Eventually we won't need trees to grow fruit! We will be able to have fruit emerge from rows of plant tissue cultures. $15 billion in research can get that working.
Then, somebody will say .. hmm why do we need fruits when we can just grow fruit tissue cells? They can secrete orange juice or whatever. Another $15 billion in research work can get that working.
Then someone will say why do we need orange fruit cells growing in tissue culture vats to secrete orange juice?
Why not just synthesize the orange juice directly using chemistry -- all you need is carbon, oxygen, hydrogen and some minerals. Another $15 billion in research can get that done.
Let's hope it doesn't become "why is orange juice needed if robots don't drink orange juice?" .. that's the attitude of people who think humans value comes from their work.
This is a symptom of two much larger problems -- the coming automation of menial work leading to massive unemployment, and employers that squeeze every single inefficiency out of a process.

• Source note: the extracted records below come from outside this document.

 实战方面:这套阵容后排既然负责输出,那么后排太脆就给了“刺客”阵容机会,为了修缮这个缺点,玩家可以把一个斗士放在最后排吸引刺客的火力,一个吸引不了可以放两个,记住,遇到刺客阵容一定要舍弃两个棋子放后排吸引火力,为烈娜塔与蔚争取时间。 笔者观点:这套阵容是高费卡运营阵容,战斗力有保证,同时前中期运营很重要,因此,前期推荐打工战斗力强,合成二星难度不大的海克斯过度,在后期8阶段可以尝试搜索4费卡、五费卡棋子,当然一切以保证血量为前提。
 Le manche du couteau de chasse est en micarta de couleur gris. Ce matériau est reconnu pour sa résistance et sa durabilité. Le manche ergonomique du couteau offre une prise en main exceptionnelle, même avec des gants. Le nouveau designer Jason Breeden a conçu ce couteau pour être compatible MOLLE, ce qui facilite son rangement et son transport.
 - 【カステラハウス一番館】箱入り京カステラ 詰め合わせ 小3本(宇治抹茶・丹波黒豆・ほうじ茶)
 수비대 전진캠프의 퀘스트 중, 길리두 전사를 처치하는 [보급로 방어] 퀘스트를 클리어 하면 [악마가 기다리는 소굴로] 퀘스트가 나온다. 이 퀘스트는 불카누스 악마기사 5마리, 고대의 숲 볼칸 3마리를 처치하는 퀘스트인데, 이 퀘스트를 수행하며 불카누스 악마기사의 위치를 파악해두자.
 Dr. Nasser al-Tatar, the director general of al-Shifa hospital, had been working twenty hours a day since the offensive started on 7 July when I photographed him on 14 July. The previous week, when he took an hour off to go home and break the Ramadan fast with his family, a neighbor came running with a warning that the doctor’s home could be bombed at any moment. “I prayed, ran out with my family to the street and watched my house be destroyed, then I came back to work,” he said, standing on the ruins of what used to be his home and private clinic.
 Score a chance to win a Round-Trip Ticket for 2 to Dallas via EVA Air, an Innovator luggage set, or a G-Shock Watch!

If employers had a choice, they'd make people work for free -- they have no desire to pay even the minimum wage. After all, it cuts into their profits. I'm one of those people who thinks we should leave some slack in the system -- not because I'm a lazy entitled idiot, but because I don't want to see all the desperate unemployed people running around stealing and killing each other.

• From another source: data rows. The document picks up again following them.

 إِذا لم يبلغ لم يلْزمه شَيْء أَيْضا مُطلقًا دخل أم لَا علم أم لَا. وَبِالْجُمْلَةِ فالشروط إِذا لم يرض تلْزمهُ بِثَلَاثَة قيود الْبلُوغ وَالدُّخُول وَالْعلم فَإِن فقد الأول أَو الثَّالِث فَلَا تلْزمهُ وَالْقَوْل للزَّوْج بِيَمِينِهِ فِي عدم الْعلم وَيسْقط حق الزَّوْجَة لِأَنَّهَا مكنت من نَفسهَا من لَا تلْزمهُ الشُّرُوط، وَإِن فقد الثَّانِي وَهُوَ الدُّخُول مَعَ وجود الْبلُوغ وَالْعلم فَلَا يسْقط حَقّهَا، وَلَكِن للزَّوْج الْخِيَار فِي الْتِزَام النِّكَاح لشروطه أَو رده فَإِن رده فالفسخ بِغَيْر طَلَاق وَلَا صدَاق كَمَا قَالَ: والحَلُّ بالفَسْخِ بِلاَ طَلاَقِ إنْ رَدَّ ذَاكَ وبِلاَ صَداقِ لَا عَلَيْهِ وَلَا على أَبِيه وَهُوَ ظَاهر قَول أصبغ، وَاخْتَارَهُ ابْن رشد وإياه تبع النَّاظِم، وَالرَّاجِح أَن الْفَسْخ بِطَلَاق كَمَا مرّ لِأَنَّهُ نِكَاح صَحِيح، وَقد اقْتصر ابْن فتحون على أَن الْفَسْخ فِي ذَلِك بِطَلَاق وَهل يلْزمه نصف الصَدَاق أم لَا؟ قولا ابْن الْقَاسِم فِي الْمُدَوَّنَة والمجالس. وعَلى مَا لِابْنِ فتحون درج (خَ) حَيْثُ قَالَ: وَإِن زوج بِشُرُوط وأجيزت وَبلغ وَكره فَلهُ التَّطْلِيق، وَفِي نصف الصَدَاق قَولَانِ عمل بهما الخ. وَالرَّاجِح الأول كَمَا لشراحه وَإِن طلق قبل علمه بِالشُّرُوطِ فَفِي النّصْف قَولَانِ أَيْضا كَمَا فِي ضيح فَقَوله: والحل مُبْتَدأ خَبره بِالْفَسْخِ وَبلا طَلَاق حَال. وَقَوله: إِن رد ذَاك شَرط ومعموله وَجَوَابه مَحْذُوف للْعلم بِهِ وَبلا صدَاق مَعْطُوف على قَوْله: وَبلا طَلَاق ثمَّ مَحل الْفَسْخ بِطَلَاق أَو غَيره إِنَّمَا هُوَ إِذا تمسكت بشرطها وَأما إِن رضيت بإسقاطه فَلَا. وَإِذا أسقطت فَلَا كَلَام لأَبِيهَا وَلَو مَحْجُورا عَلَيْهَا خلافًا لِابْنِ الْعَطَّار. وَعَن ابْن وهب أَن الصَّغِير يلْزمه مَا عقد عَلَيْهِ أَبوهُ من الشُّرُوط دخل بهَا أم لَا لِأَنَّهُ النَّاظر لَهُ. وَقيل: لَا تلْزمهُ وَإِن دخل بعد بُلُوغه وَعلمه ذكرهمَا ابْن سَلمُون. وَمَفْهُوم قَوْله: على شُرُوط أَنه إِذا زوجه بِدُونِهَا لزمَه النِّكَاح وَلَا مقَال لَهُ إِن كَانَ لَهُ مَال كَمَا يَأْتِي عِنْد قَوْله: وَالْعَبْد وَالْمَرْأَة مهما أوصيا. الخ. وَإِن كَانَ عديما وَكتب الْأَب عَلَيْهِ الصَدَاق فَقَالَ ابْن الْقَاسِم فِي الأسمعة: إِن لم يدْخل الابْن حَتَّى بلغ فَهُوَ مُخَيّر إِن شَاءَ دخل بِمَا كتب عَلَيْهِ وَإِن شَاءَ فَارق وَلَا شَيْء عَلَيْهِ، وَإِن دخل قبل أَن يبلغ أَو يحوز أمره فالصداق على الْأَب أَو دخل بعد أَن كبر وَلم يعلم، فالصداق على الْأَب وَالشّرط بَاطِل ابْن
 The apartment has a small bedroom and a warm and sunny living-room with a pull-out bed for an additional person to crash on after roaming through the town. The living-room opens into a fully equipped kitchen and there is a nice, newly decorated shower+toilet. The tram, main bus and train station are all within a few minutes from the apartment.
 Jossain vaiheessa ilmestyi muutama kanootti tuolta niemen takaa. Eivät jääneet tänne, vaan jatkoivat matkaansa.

If you take automation to the extreme end of the spectrum, every job that people typically do is automated, including things like paper filing, IT, programming and fruit picking. This time, skilled workers aren't going to be able to sit back and say "oh, it's those lazy factory workers that don't want to retrain." The reality is that there is no retraining workers for this next phase. If you're below an IQ of, say, 120, there's no work for you. Where that leads, I have no idea...eugenics? Culling of the low end of the population?
People who think that all these migrant workers can just retrain to be data scientists are fooling themselves. I've dealt with a large cross section of society in my various jobs -- there are actual limits on how much a person can handle intellectually. In the past, we had work for them, but I'm not sure what we're going to do now.